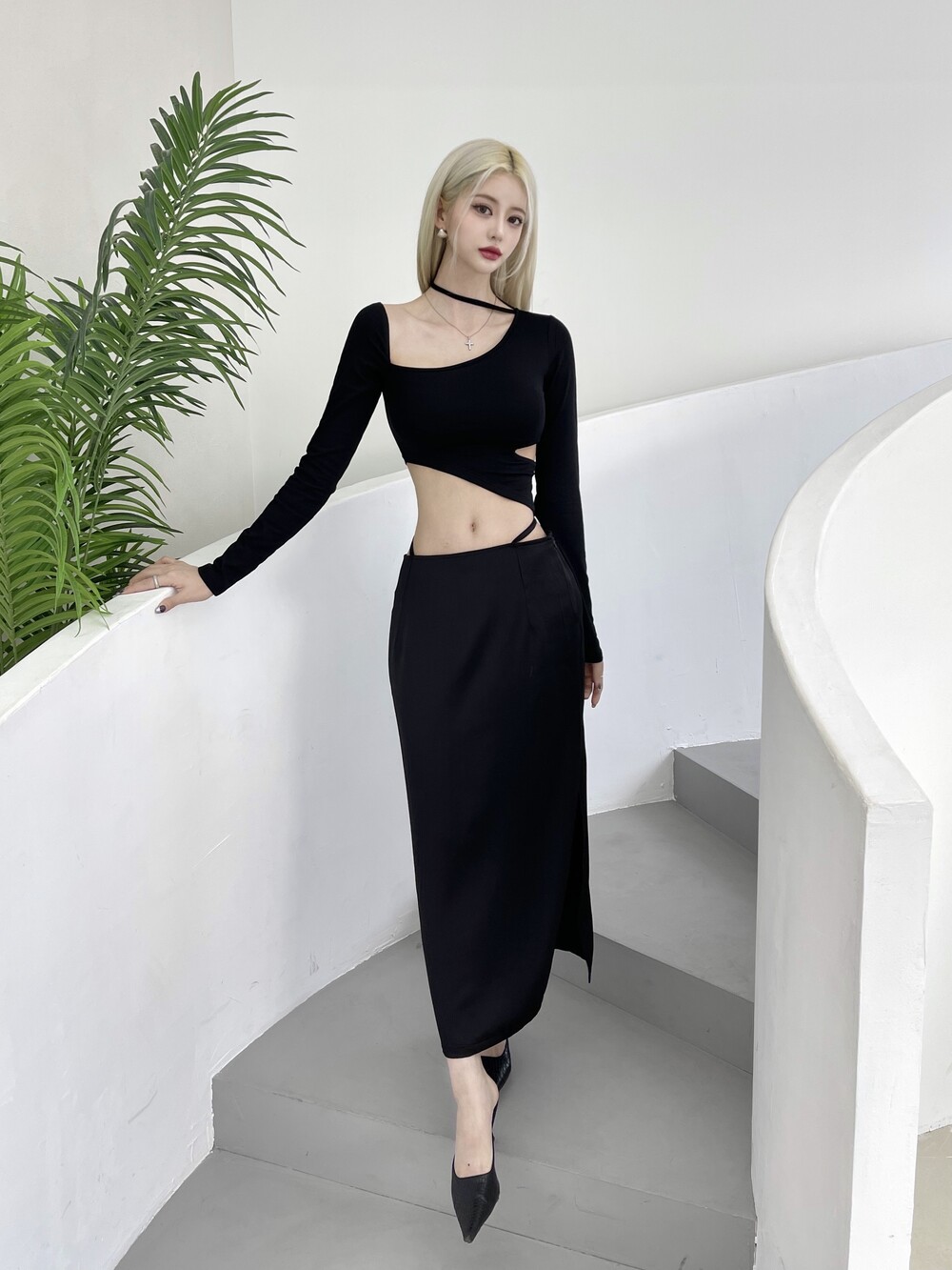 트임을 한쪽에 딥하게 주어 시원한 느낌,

++++++++++++++++++++

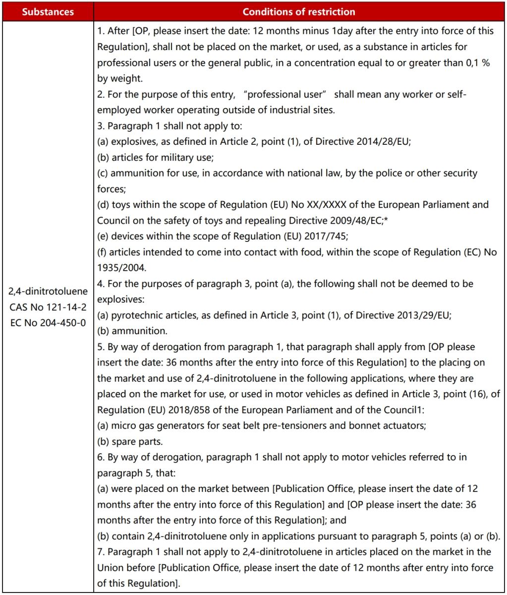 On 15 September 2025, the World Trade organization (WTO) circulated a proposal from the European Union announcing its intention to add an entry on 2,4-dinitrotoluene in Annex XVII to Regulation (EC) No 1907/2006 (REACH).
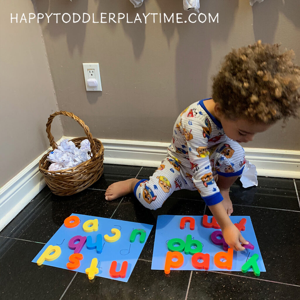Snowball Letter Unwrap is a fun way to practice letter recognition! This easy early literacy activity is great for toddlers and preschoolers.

++++++++++++++++++++

:: Your assignment ::
From the records above, return exactly the lines running from the one that contains "On 15 September" down to the one that contains "Snowball Letter Unwrap", both included, without any pictures.

:: Final answer ::
 On 15 September 2025, the World Trade organization (WTO) circulated a proposal from the European Union announcing its intention to add an entry on 2,4-dinitrotoluene in Annex XVII to Regulation (EC) No 1907/2006 (REACH).
Snowball Letter Unwrap is a fun way to practice letter recognition! This easy early literacy activity is great for toddlers and preschoolers.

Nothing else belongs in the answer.